7. The polyphenylene sulfide composite film according to claim 1 or 2, wherein the heat resistant plastic layer is a plastic layer having a heat distortion temperature of 130 degrees or more, the heat distortion temperature being measured according to ISO75-1, -2/Method B standard.

8. The polyphenylene sulfide composite film according to claim 1 or 2, wherein the substrate of the heat-resistant plastic layer contains one or more of polycarbonate PC, polyamide PA, polybutylene terephthalate PBT, polyethylene terephthalate PET, polyphenylene oxide PPO, polyoxymethylene POM; the material of the heat-resistant plastic layer contains or does not contain other resin and/or filler and additive.

9. The polyphenylene sulfide composite film according to claim 8, wherein the heat resistant plastic layer contains polyphenylene sulfide and the polyphenylene sulfide content is less than 15wt% of the heat resistant plastic layer.

10. The polyphenylene sulfide composite film according to claim 6, wherein the heat-resistant plastic layer has a notched Izod impact strength (ISO 180/1A) of 20KJ/m or more ² 。

11. The polyphenylene sulfide composite film according to claim 10, wherein the heat resistant plastic layer has a notched Izod impact strength (ISO 180/1A) of 50KJ/m or more ² 。

12. The polyphenylene sulfide composite film according to claim 1 or 2, characterized in that the total thickness of the polyphenylene sulfide composite film is 0.02 to 6mm.
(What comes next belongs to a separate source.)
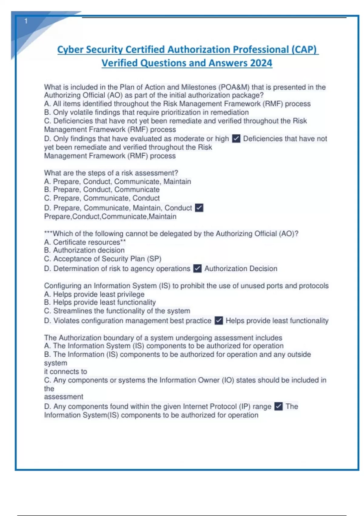 Cyber Security Certified Authorization Professional (CAP) Verified Questions and Answers 2024
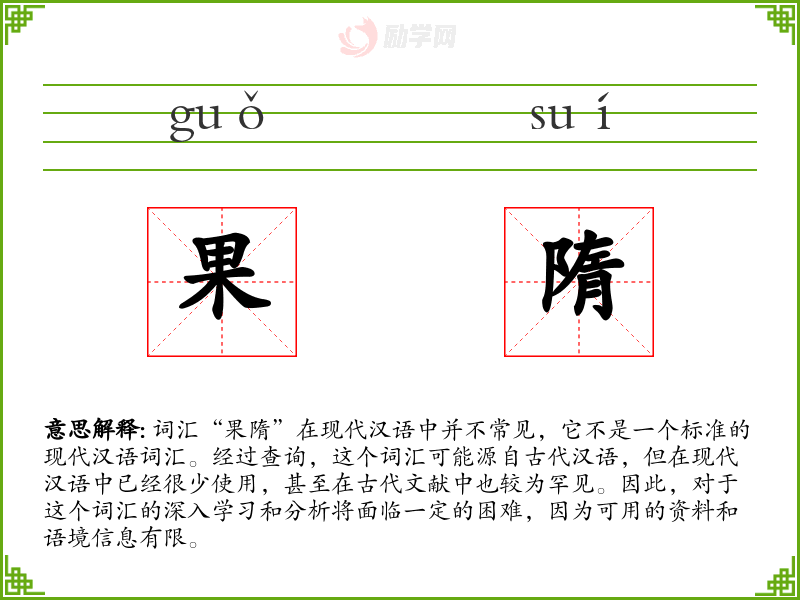 词汇“果隋”在现代汉语中并不常见,它不是一个标准的现代汉语词汇。经过查询,这个词汇可能源自古代汉语,但在现代汉语中已经很少使用,甚至在古代文献中也较为罕见。因此,对于这个词汇的深入学习和分析将面临一定的困难,因为可用的资料和语境信息有限。

13. The polyphenylene sulfide composite film according to claim 1 or 2, characterized in that the total thickness of the polyphenylene sulfide composite film is 0.075 to 1.5mm.

14. The polyphenylene sulfide composite film according to claim 1 or 2, characterized in that the total thickness of the polyphenylene sulfide composite film is 0.12 to 0.95mm.

15. The polyphenylene sulfide composite film according to claim 1 or 2, characterized in that the polyphenylene sulfide layer and the heat resistant plastic layer are directly compounded together by a co-extrusion process.

16. The polyphenylene sulfide composite film according to claim 15, wherein the polyphenylene sulfide composite film produced by the coextrusion process is subjected to crystallization and annealing at 90 to 230 ℃.

17. The polyphenylene sulfide composite film according to claim 3, wherein the polyphenylene sulfide layer/heat resistant plastic layer unit is selected from PPS/PC, PPS/PA, PPS/PBT, or PPS/PPO, and the polyphenylene sulfide layer/heat resistant plastic layer/polyphenylene sulfide layer unit is selected from PPS/PC/PPS, PPS/PA/PPS, PPS/PBT/PPS, or PPS/PPO/PPS.

18. A method for preparing the polyphenylene sulfide composite membrane according to any one of claims 1 to 17, comprising:

the PPS is extruded and plasticized from one extruder, the molten material flows to a distributor, and the heat-resistant plastic is extruded and plasticized from the other extruder, and the molten material also flows to the distributor, wherein the PPS is divided into one layer or two layers of molten material flows at the distributor, and one side or two sides of the distributor and the heat-resistant plastic layer are overlapped together to form a two-layer or three-layer structure, and the two layers or three-layer structure is cooled and formed into a solid film after flowing out of a die head.

19. A method for preparing the polyphenylene sulfide composite membrane as set forth in claims 2 to 17, comprising:

the PPS is extruded and plasticized from a first extruder, the molten material flows to a distributor, the heat-resistant plastic is extruded and plasticized from a second extruder, the molten material also flows to the distributor, the PPS is extruded and plasticized from a third extruder, the molten material flows to the distributor, the plasticized PPS molten materials extruded and plasticized from the first extruder and the third extruder are overlapped on two sides of the distributor and the heat-resistant plastic layer to form a three-layer structure, and the three-layer structure is cooled and molded into a solid film after flowing out of a die head.

20. The method for producing a polyphenylene sulfide composite film according to claim 18 or 19, further comprising: and (3) placing the solid film in an environment of 90-230 ℃ for heat treatment so as to crystallize and anneal the solid film.